Switching things up with the Neural Compute Stick!

Hi everyone!

As I elaborated in my last two blogposts on what the Intel Neural Compute Stick is and how to use it in combination with the OpenVino toolkit, I will describe in this blog post what the “dynamic” part in the title of my project stands for. As explained in my first blogpost, the Neural Compute Stick is meant to be used in combination with lightweight computers such as the Raspberry Pi to speed up computations for visual applications. Now often enough devices such as the Raspberry Pi are found on the edge. This could be a device attached to satellites in space running earth observation missions, or an underwater robot conducting maintenance on critical structures such as underwater pipelines.  One problem that remains though, even with the Neural Compute Stick accelerating computations, is that once a model is deployed on an edge device, it’s hard to repurpose the device to run a different kind of model. This is where the “dynamic” part of the title of my project comes into play. The Neural Compute Stick is a highly parallelized piece of hardware, with twelve processing units independently running computations. This way, it is possible to not only have one, but several models loaded into its memory.

Even more so, it is possible to switch these models and load new models into memory.
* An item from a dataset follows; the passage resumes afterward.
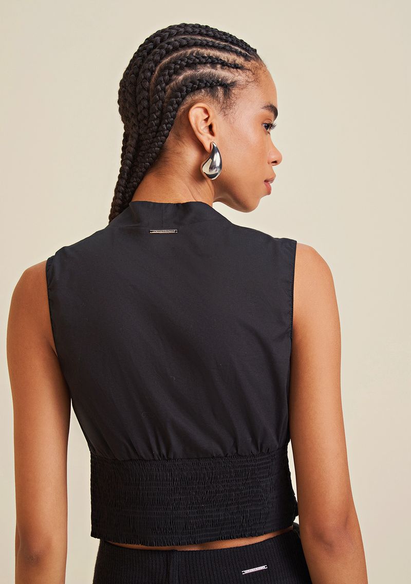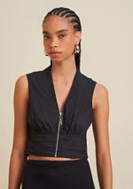 OUTLETFemininoRoupasBlusasBlusa Morena Rosa Decote V Sem Manga Detalhe Zíper Preto

This allows to adapt to new situations in the field, like when the feature space changes or the things that are supposed to be detected change. The simplest case of such an occurrence might be the sun setting or bad weather conditions coming up. Another motivation to switch models might also be to save power, as edge devices tend to have limited capacities if it comes to energy sources. Instead of deploying one big model that is supposed to cover all cases that could occur in a production environment, it would be possible to have many small models that could be loaded in and out of memory at runtime.
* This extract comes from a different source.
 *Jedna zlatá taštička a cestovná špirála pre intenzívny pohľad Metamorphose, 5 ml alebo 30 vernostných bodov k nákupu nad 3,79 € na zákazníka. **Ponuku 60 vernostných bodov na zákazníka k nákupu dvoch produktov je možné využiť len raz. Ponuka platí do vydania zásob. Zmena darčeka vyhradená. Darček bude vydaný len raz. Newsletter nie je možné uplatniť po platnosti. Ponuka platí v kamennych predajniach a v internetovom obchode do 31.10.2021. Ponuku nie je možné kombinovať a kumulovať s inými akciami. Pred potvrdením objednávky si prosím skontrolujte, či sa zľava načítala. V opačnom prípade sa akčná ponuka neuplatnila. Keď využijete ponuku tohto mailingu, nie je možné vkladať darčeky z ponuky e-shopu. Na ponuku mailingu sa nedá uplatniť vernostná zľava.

With this in mind, I went ahead and investigated the feasibility of doing so and implemented a small prototype that switches models at runtime. For this prototype I used two models detecting human bodies and faces and had the prototype switch between these two models. These models are both so called single shot detector MobileNets, networks that are better suited to be deployed on lightweight devices such as the Raspberry Pi. These networks localize and classify an object in a single pass through the network and draw bounding boxes around objects they detect in it.

I used OpenCV for this task, which is a library featuring all sorts of algorithms for image processing and is best described as “swiss army knife” if it comes to visual applications. Next to OpenCV I had OpenVino running as a backend to utilize the Neural Compute Stick in my application.
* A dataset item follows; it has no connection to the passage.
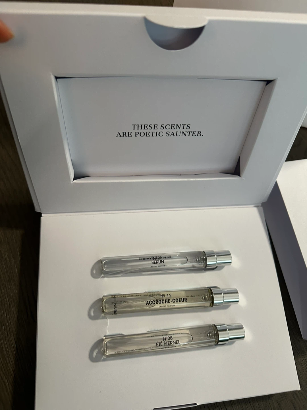 Selling a Frau Tonis Berlin Discovery Set. The set includes three eau de parfum samples: No. 21 Berlin, No. 12 Accroche-Coeur, and No. 08 Été Éternel. These scents are described as a poetic saunter. Comes with the original box and bag
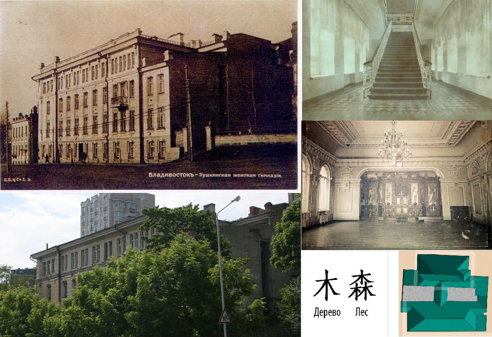 Но сходящиеся под углом корпуса – что это? Просчёт архитектора Плансона? Восторгаясь идеальной геометрией Владивостокского вокзала, в это трудно поверить. Ошибка строителей? Но строительство велось под руководством архитектора. А может быть, это решение позволило немного ускорить и удешевить строительство? Гимназия, скрытая в глубине участка, с улицы Пушкинской не кажется очень уж большой, но на самом деле глубина её значительнее, чем ширина, и чтобы разместить проект на местности, пришлось долбить скалу в её тыльной части. Главный корпус расположен параллельно улице Пушкинской, а тыльный, служебный корпус немного повернули по часовой стрелке. Может быть, чтобы меньше врезаться в скалу и уменьшить объём земляных работ? Площадь внутренних помещений практически не изменилась, а месяц-другой строители могли выиграть. А может, таким хитрым способом просто хотели удлинить галерею, связывающую оба корпуса, чтобы изящнее расположить парадную лестницу внутри? Кто знает…

I eventually tested this model switching prototype by loading and offloading models in and out of memory of the Neural Compute Stick. I did this with a very high frequency of one switch per frame to determine what the latency of such a model switch would be in a worst-case scenario. The switching process includes reading the input and output dimensions of a model by using the XML representation of its architecture and then loading it into the memory of the Neural Compute Stick. On average this switch caused an extra overhead of about 14 percent of the overall runtime. To put this into perspective, on average it took my application half a second to capture and generate an output for an image, whereas a model switch in between would add a little less than a tenth of a second to this time. Of course, there is a lot of room for improvement given these numbers. One such improvement would be concerned with the parsing of the model dimensions. I used a simple XML parser to do so and had to read in the input and output dimensions of a model on every switch. Doing this once for all models that potentially will be used on the Neural Compute Stick when the application starts running and saving the dimensions into a lookup table could cut the switch time almost in half. Further speedup of this switch could be achieved by conducting it asynchronously, as while the model is loaded onto the Neural Compute Stick the next frame can already be capture instead of waiting for the switching process to finish.

All in all, I found that although at the current state this prototype would not be applicable to real time applications yet, given the potential for improvement it could get there. Yet if no hard conditions are imposed for it to perform in real time as is the case for many applications, it is deployable already.

With this I would like to sum up my findings on this project, if you would like to learn more about this project feel free to have a look at my blog on the website of the PRACE Summer of HPC 2019. Lastly, I would like to thank my supervisors for their amazing support throughout this whole project and in general the staff at ICHEC for welcoming me and making this stay such a great experience!